Could someone please tell me what I'm doing wrong?
If you need to know the size of a dynamically-allocated array, you have to keep track of it yourself.
The sizeof(arr) / sizeof(arr[0]) technique only works for arrays whose size is known at compile time, and for C99's variable-length arrays.
sizeof cannot be used to find the amount of memory that you allocated dynamically using malloc. You should store this number separately, along with the pointer to the allocated chunk of memory. Moreover, you must update this number every time you use realloc or free.

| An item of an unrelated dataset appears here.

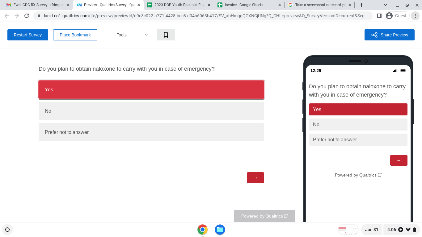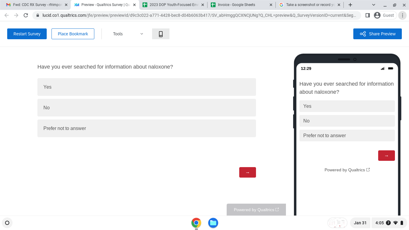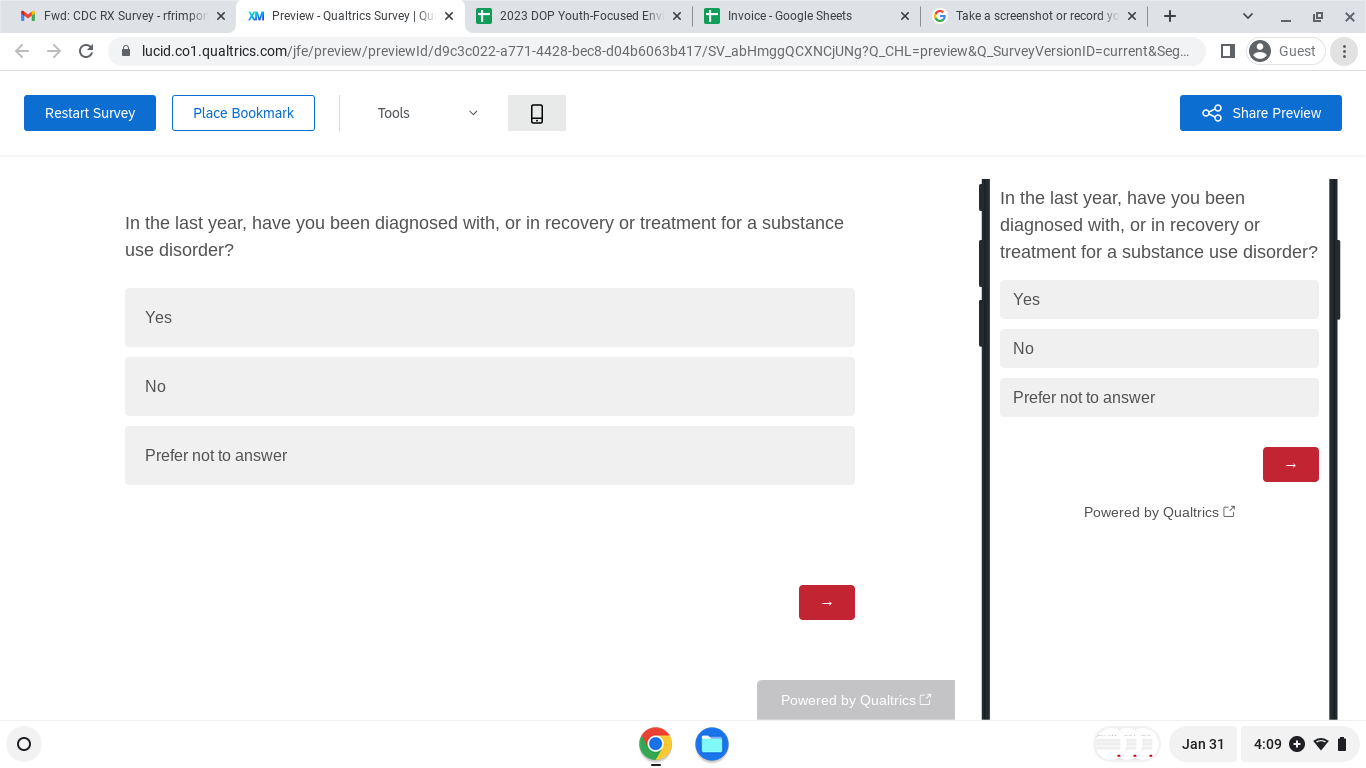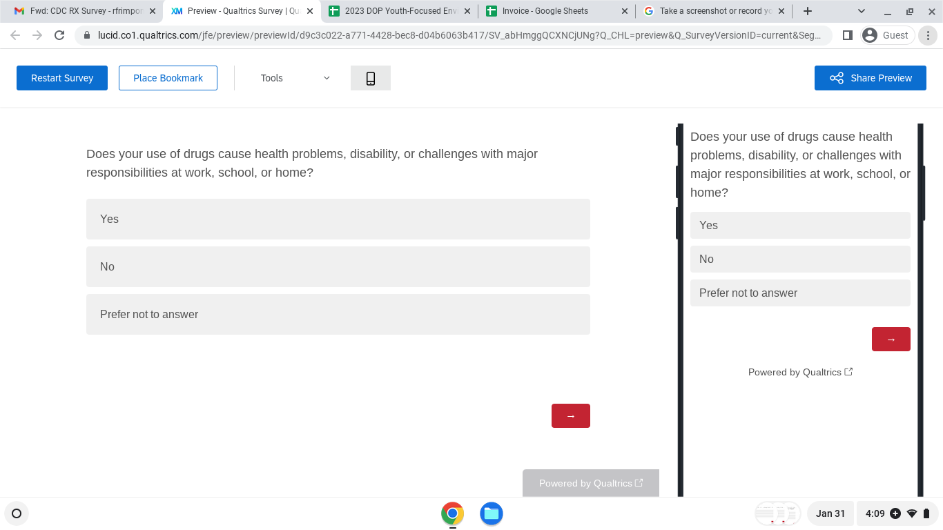 The Centers for Disease Control and Prevention (CDC) developed and launched the Stop Overdose campaigns, four education campaigns, to prevent and reduce drug overdoses. This is research in which you will respond to multiple choice and open-ended questions to give your opinions about Stop Overdose campaign messages and materials. Participation is voluntary and you may complete all or some of the survey. If you have questions about this research, you may contact the principal investigator, Everett L. Long, PhD., by email at elong@brunetgarcia.com or phone, (704)-657-5338.

mydata* arr = (mydata*) malloc(sizeof(mydata));
is a pointer and not an array. To create an array of two items of mydata, you need to do the following
mydata arr[2];
Secondly, to allocate two elements of mydata using malloc(), you need to do the following:
mydata* arr = (mydata*) malloc(sizeof(mydata) * 2);
OTOH, length for dynamically allocated memory (using malloc()) should be maintained by the programmer (in the variables) - sizeof() won't be able to track it!
You're trying to use a pretty well known trick to find the number of elements in an array. Unfortunately arr in your example is not an array, it's a pointer. So what you're getting in your sizeof division is:
sizeof(pointer) / sizeof(structure)
Which is probably always going to be 0.